扉をきっちり閉め、壁にトン、と寄り掛かったララは、そこでようやく詰めていた息を吐きだした。
(これで、とりあえず掴みは『いい感じ』かな。指導を受けたとはいえ、演技って疲れるなぁ……)
そうやって一息吐いていると、不意にどこからともなく声がした。
「お疲れ様です」
「っ!?」
驚きのあまり叫びそうになったララだったが、すんでのところでこらえた。
ぎっ、と天井をジト目で見上げて、声の主に小声で抗議する。
「驚かせないでください! 心臓が止まるかと思いました!!」
「ふふ、私としましては驚いてくれて嬉しいです」
「もう、本当に誰かと思ったんですよ!?」
全く、とララは唇を尖らせた。
今回フィリップに命じられた『仕事』の前に、直属の部下であるという彼からは丁寧な演技指導を受けていた。ララとしてはこんなもので上手くいくのかと半信半疑だったが、今のところは初っ端のせいもあって計画通りに運んでいるようだった。
(まさか本当に外務大臣様が侍女として使節団の世話をしないかと声を掛けてくるなんて……)
フィリップが予想した通り(正確には『予想の1つ』だが)、ララに目をつけた外務大臣は彼女を使って、外務大臣達の『計画』が上手くいった後に第二皇子と縁を繋ごうと考えているようだった。正使の世話を共にする他の侍女達もそんな事情を知っているらしく、ララがあからさまに皇子に媚びを売っても何も言わなかった。
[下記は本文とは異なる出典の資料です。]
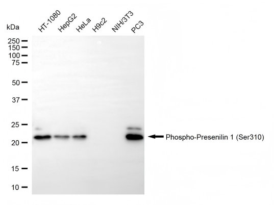 Western blotting analysis using phospho-presenilin 1 (Ser310) antibody. Total cell lysates (30 μg) from various cell lines were loaded and separated by SDS-PAGE. The blot was incubated with phospho-presenilin 1 (Ser310) antibody and HRP-conjugated goat anti-rabbit secondary antibody respectively.

皇子もララが媚びた演技をしているとは気づいているようだったが、まさか演技に気付かせるのが目的だというのには気付かなかったようだ。
この時点でララに与えられた『仕事』の三分の一くらいは達成している。
……とはいえ、残り三分の二があるので、まだまだ気が抜けないが。
(……頑張らないと)
ララは意識を切り替えた。
「では、定期連絡を始めますね」
———顔を引きしめて報告や情報交換を行っていくララを見て、潜んでいた『影』がほんのりと顔をほころばせたが、残念ながらそれを見たものはいなかった。